На завтраке — Володька Сандраков:
— Никит, ты знаешь, что с Луганским?
— Ну знаю — «на губе»…
— Что ты! В «Кащенко» его сегодня отправляют.
— Да ты что!..
Луганский.
Сон:
Настена отказалась от меня… У нее другой. Я мучаюсь, не знаю кто. Она радостна, спокойна, свободна.
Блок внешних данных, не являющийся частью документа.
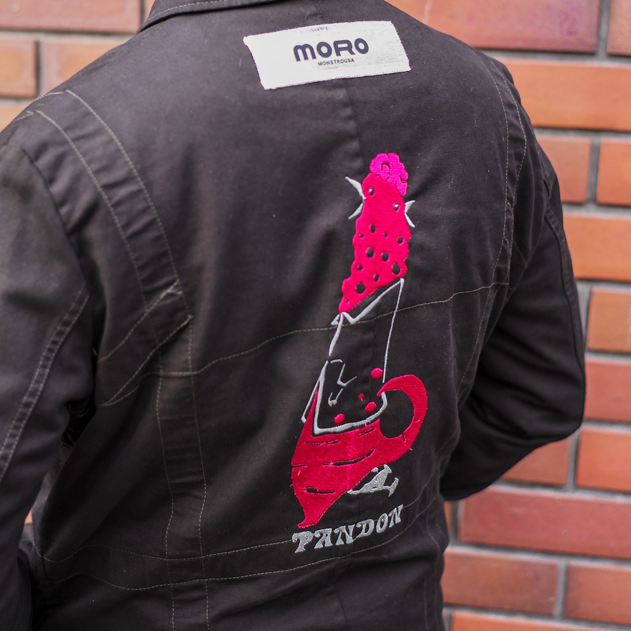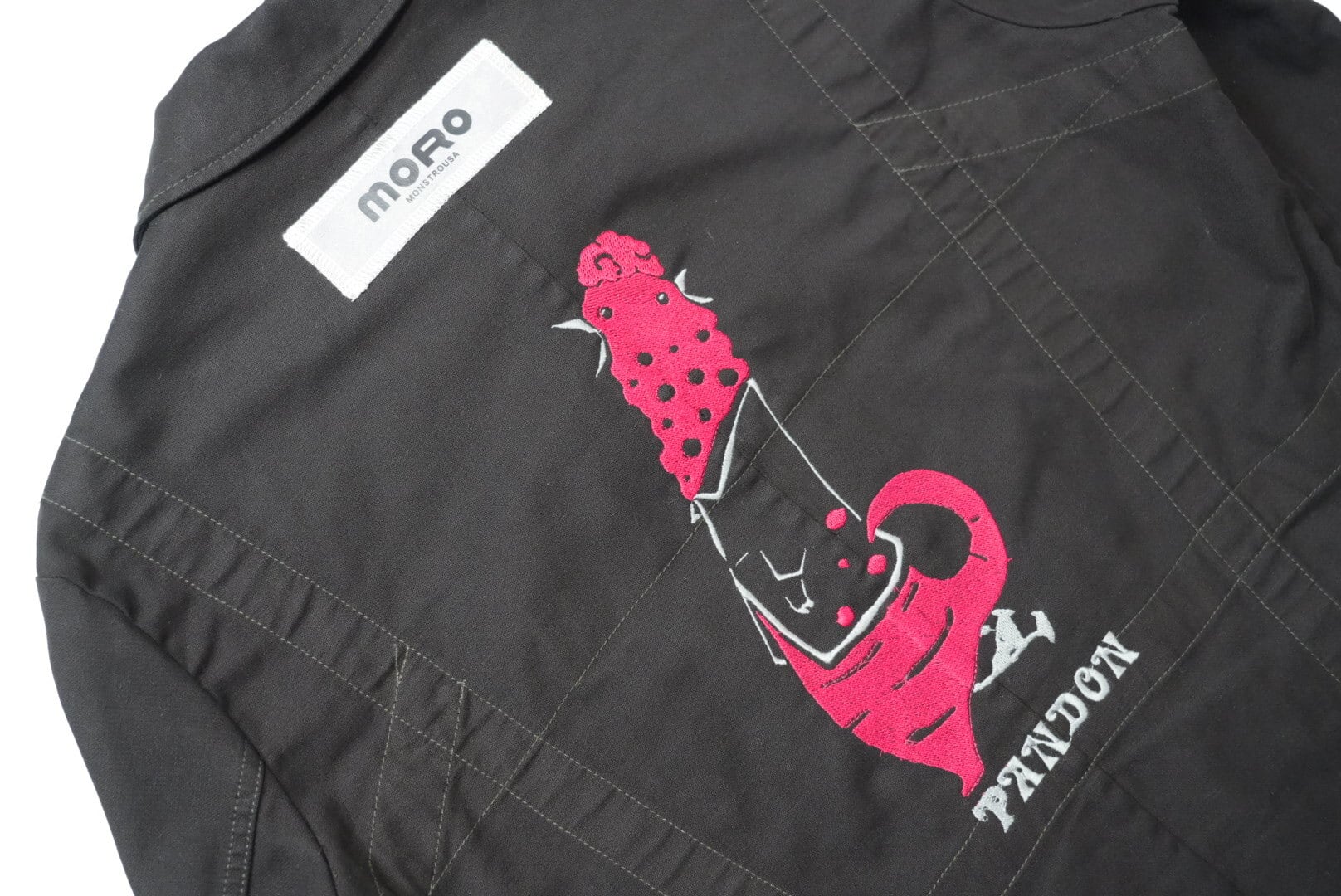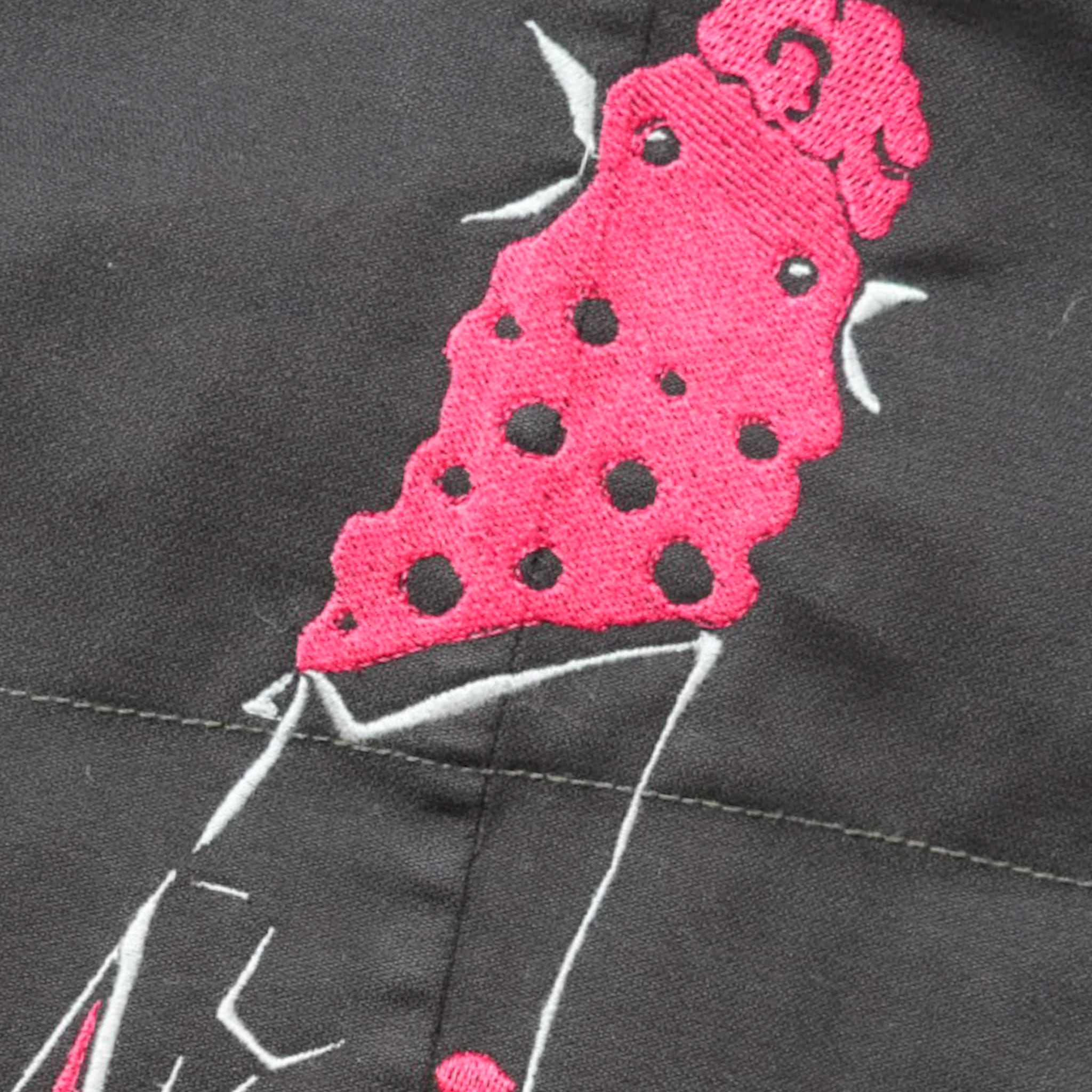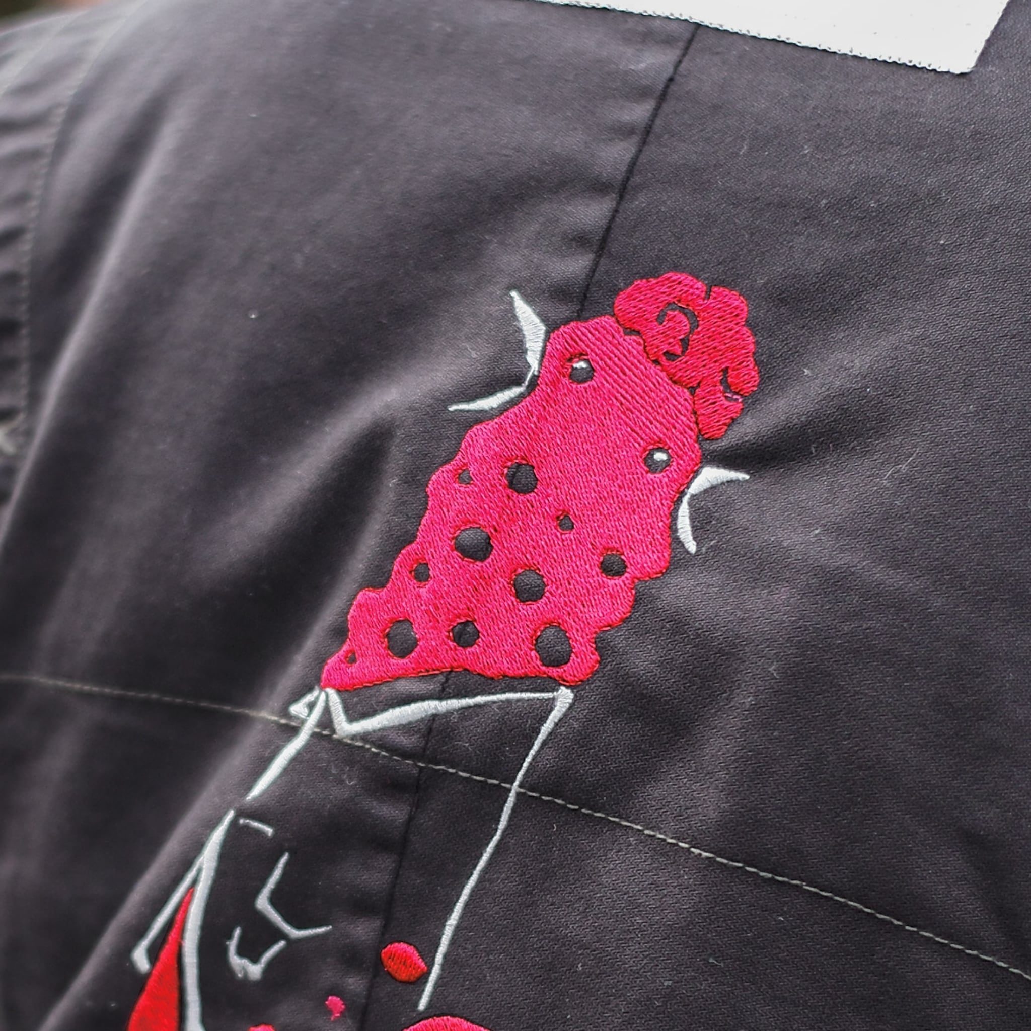 フロントのジッパーデザインが魅力的なブルゾンに、ウルトラセブンシリーズきっての人気強敵"パンドン"のアートを刺繍しました。ベース服のステッチ糸の色と刺繍糸の色を合わせることで馴染みがよく仕上がりました。

Ужасно — ибо конец всему!..
Ну что за письмо?! Что за чертово письмо?! И как его понять, и что ей ответить?!
«Здравствуй, Никита.
Сижу и долго думаю, — что писать? Головой знаю, что, а душа, душа ленива. Не пишу тебе столько, что уже стыдно и писать, просто все непросто…
Весна, авитаминоз, я, ты, она, они, он и еще чего-то. Фотографию ты уже не присылай… И потому что примета, и потому что мне это не нужно совсем.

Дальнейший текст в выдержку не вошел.